Bridging the Gap between Scientific Advancement and Real-World Application: Pediatric Genetic Counseling for Common Syndromes and Single-Gene Disorders.

Abstract

Screening and diagnostic testing for single-gene disorders and common syndromes in the pediatric setting frequently generate data that are challenging to interpret, and the ability to diagnose genetic conditions has outpaced the development of successful treatments or cures. Genetic testing is now integrated purposefully into a variety of primary and specialty care clinics, creating an increased requirement for genetic literacy among providers and patients, as well as a growing need to incorporate genetic counseling services into mainstream clinical practice. The practice of pediatric genetic counseling encompasses a unique combination of skills and training designed to address the evolving psychological, social, educational, medical, and reproductive concerns of patients and their families, which complements the multidisciplinary services of physicians, nurses, and other allied health professionals caring for patients with pediatric-onset genetic conditions.
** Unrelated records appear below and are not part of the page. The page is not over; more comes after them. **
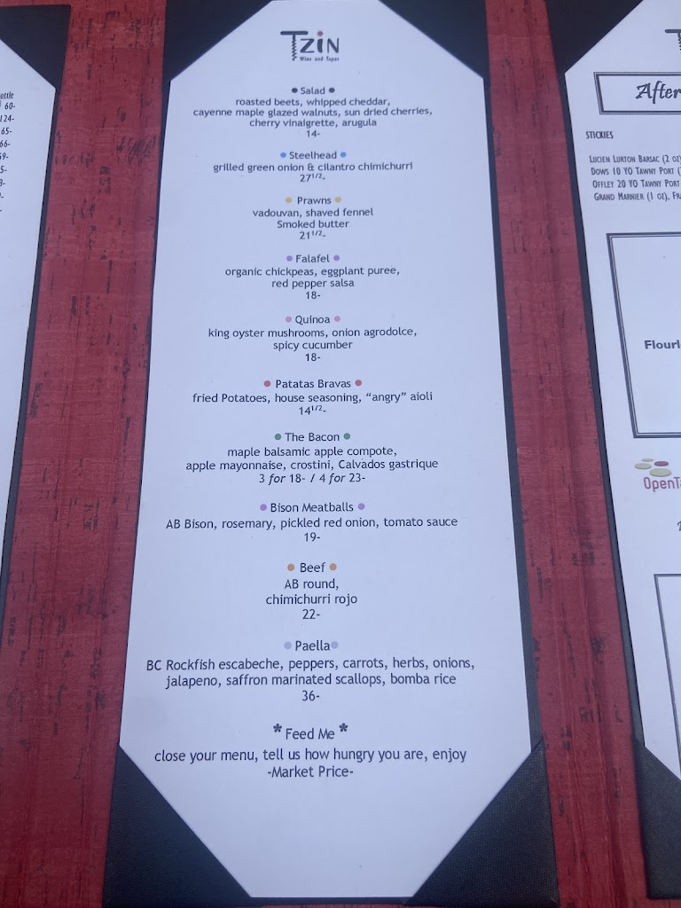 TZIN continues to shine, new tapas selection in the Feed Me option are outstanding (ie. Borscht Gnocchi). Excellent food, service, and hosting. And a nice selection of outstanding wines. If you want large portions of meat and potatoes this is not for you. If you want creative flavourful tapas style dishes with great service and recommended wine choices - there is no better place than this!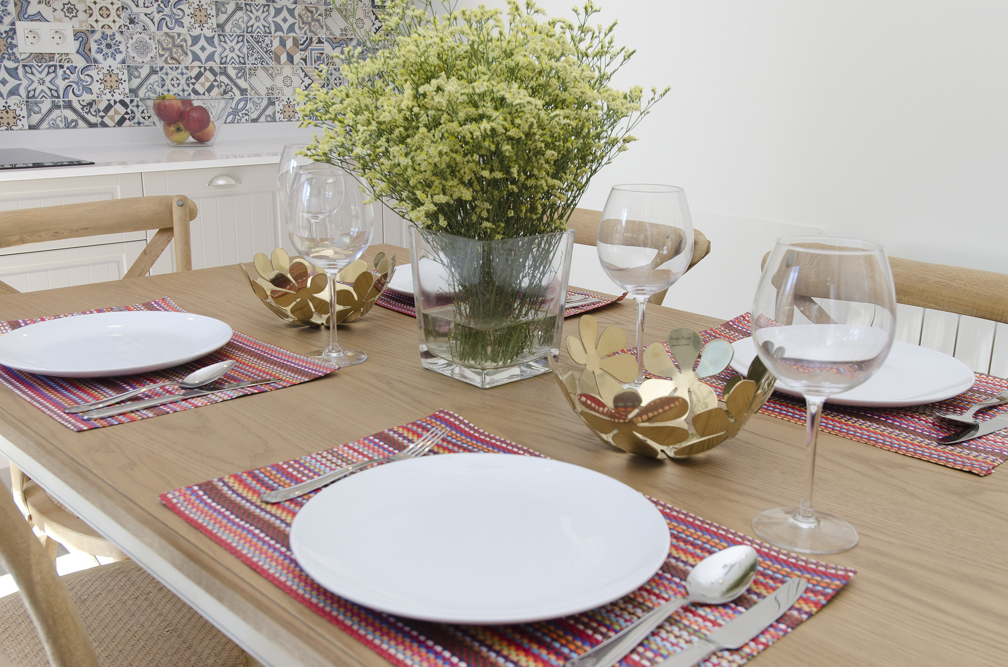 They highlight the decoration in the purest boho chic style, the furniture with combined colours with ethnic touches, the wallpaper and the natural materials that will make the apartment guests fall in love.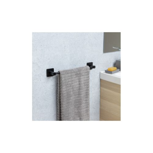 Toallero mediano fabricado en acero inoxidable y zamak en color negro mate, medi das: 6 x 6,5 x 45 cm, tornillos incluidos y sistema de fijación sin taladro de v enta por separado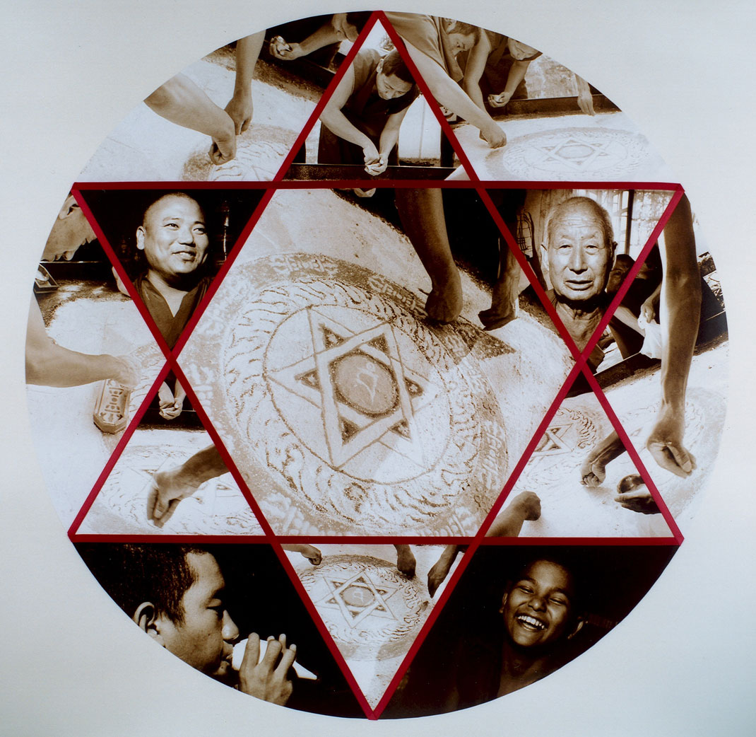 Collage, bestaand uit 13 foto's en katoen lint. Unicaat. Het vervaardigen van een zandmandala en de monniken die eraan werkten.
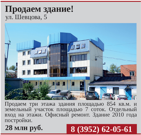 Продаем здание! г.Иркутск, ул. Шевцова, 5.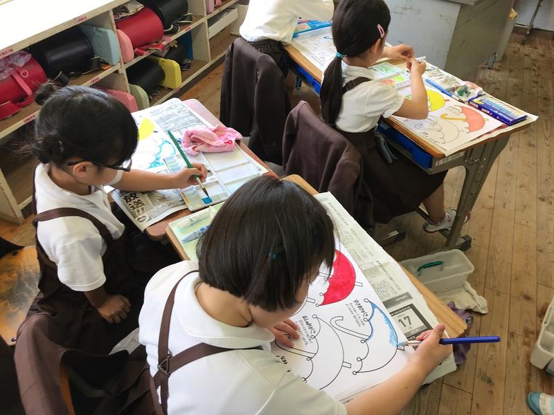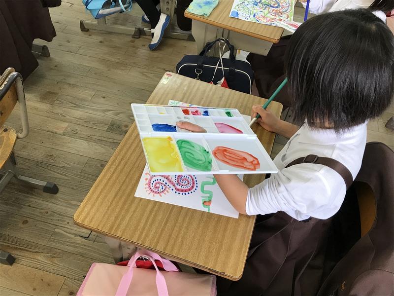 「絵の具と水のハーモニー」の学習で、水の量を調節しながらカラフルな作品を完成させていました。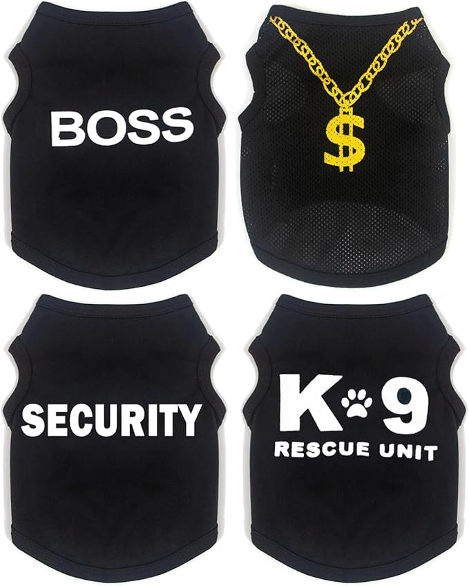 4 Pack Chihuahua Clothes Dog Clothes for Small Dog Black Puppy Clothes Soft K9 Boss Security Pattern Small Dog Shirt Summer Autumn Pet Clothing (X-Small)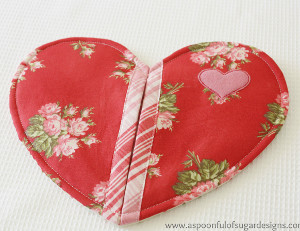 Heart-shaped pot holders are trendy now. They can be made in so many fabrics to go along with the kitchen dcor or with a seasonal theme. The tutorial recommends not only cotton batting to make the pot holder but a well-known thermal batting called Insul-Bright that keeps hot things hot and cold things cold.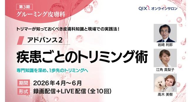 【動物病院トリマー対象 QIXオンラインサロン】 トリマーが知っておくべき皮膚科現場での実践法! 【第3期】グルーミング皮膚科 アドバンス2 「疾患ごとのトリミング術」開催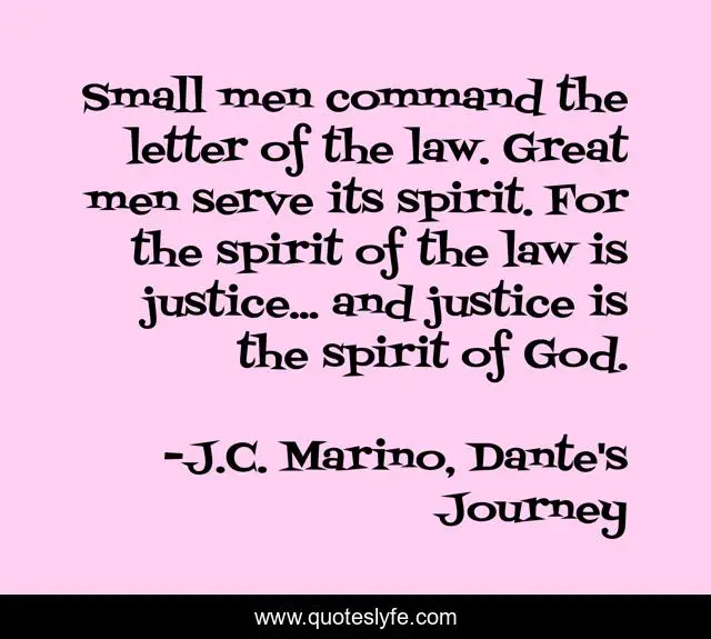 This page presents the quote "Small men command the letter of the law. Great men serve its spirit. For the spirit of the law is justice... and justice is the spirit of God.". Author of this quote is J.C. Marino, Dante's Journey. This quote is about fantasy, philosophical, epic,.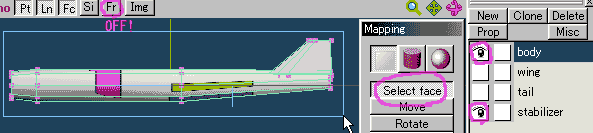Hide the one except for the wing and stabilizer.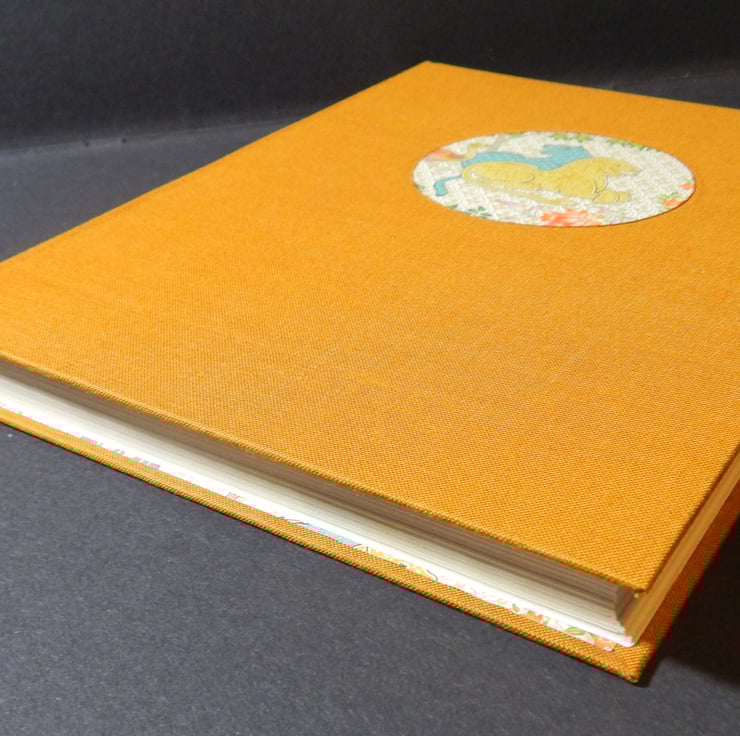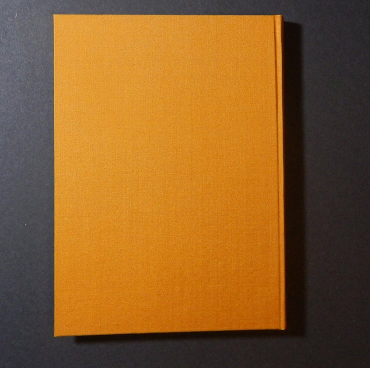 The covers are a high quality bookcloth, very soft and smooth to touch. It is a lovely sunshiney saffron colour.

The potential range of genetic counseling needs in the pediatric setting transcends the diagnostic period. The sustained nature of pediatric care presents opportunities for development of trusting and longstanding professional relationships that permit the evolving genetic counseling needs of patients and families to be met. A discussion of cystic fibrosis, a common autosomal recessive single-gene disorder with an increasingly broad clinical spectrum and genotype-phenotype variability, serves as a useful case study to illustrate the current and emerging genetic counseling practices, goals, and challenges impacting patients and their families.